"A Mature Retailer In Growth Mode"
In “We Went Where They Ain’t”, my June 2021 deep dive on U.S. discount retailer Dollar General (DG), I concluded with the following:
“In summary, I believe Mr. Market has some doubts about the company’s ability to grow beyond ~25,500 units and / or questions the sustainability of the business and its economics at maturity. I’d argue the market has held some version of this belief for much of the past five years, which is why the stock trades at a pretty large discount to a company like Costco. Personally, I think that conclusion has been, and continues to be, too pessimistic.
For that reason, I will make DG a 5% position tomorrow morning.”
On to today’s update (DG reported Q3 FY21 results on December 2nd).

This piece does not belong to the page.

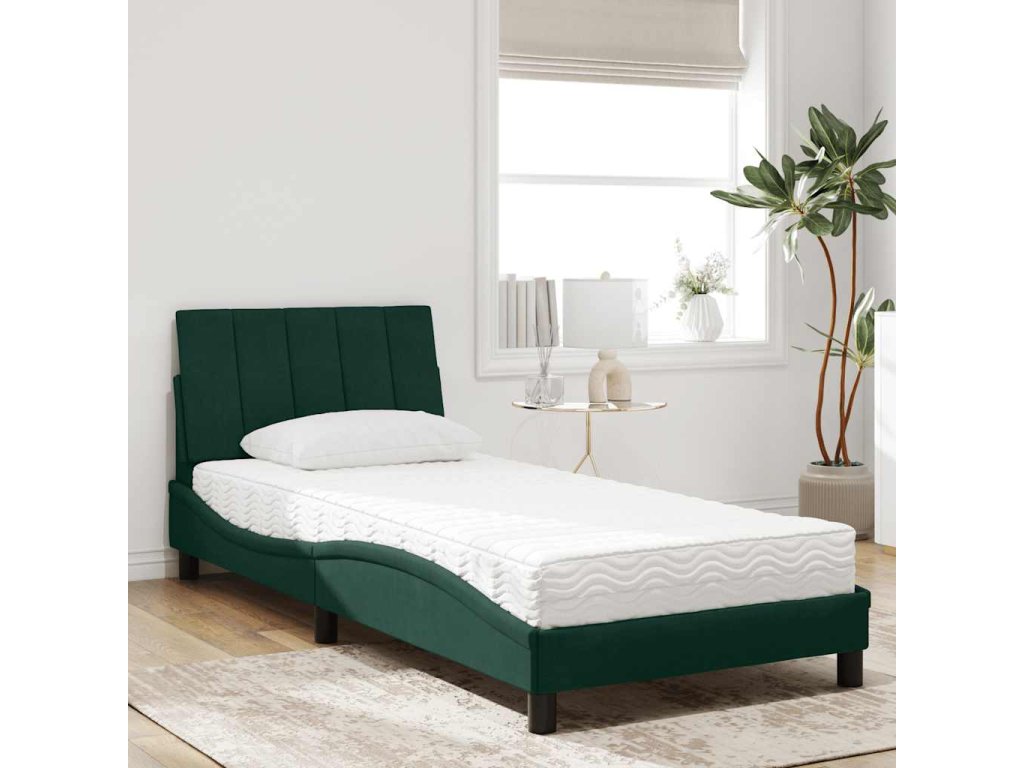 Postel s matrací Hanko tmavě zelená 90 x 190 cm samet 3208571

In the third quarter, the company’s revenues increased by 4% YoY to $8.5 billion, with a slight decline in same store sales offset by mid-single digit unit growth (the company added nearly 1,000 net new stores over the past year, and recently crossed 18,000 total stores). Two-year stacked comps were +12% in Q3, most notably due to continued strength in the Consumables and Home product categories. While this is still well ahead of what Dollar General typically reported in the years prior to the pandemic, we can see that the two-year stack has decelerated meaningfully from the highs of early FY20.
While the revenue story remains encouraging, DG is now being forced to navigate various headwinds further down the income statement (“higher-than-expected costs, both from a product and supply chain perspective”). Through the first nine months of FY21, operating margins have contracted by ~110 basis points, largely attributable to an outsized increase in SG&A expense (“the most significant of which were retail labor and store occupancy costs”). While this is notable YoY decline, consider that YTD FY21 EBIT margins, at ~9.5%, are still 180 basis points higher than they were through the first nine months of FY19; for a business that has historically reported high-single digit operating margins, that has a sizable impact on earnings.
DG ended Q3 with $5.3 billion in inventories, unchanged from the year ago period on a per store basis. As CFO John Garratt noted on the call, “we're not satisfied with our overall in-stock levels… we’re focused on improving our position, particularly in consumables”. I don’t want to minimize or overlook the current headwinds; there are numerous challenges that DG is now being forced to navigate, and it’s unclear whether they’ll subside anytime soon.
That said, from the perspective of a long-term investor, I do think it’s worth noting that this is an unavoidable reality of competitive businesses: strategic vision and adept execution are a must in order to achieve long-term success in the retail industry. Thankfully, for DG shareholders, I’d argue we’re partnered with a highly effective management team with a proven track record under the leadership of CEO Todd Vasos. As they’ve done in the past, I expect DG to effectively navigate the challenges they’re currently facing.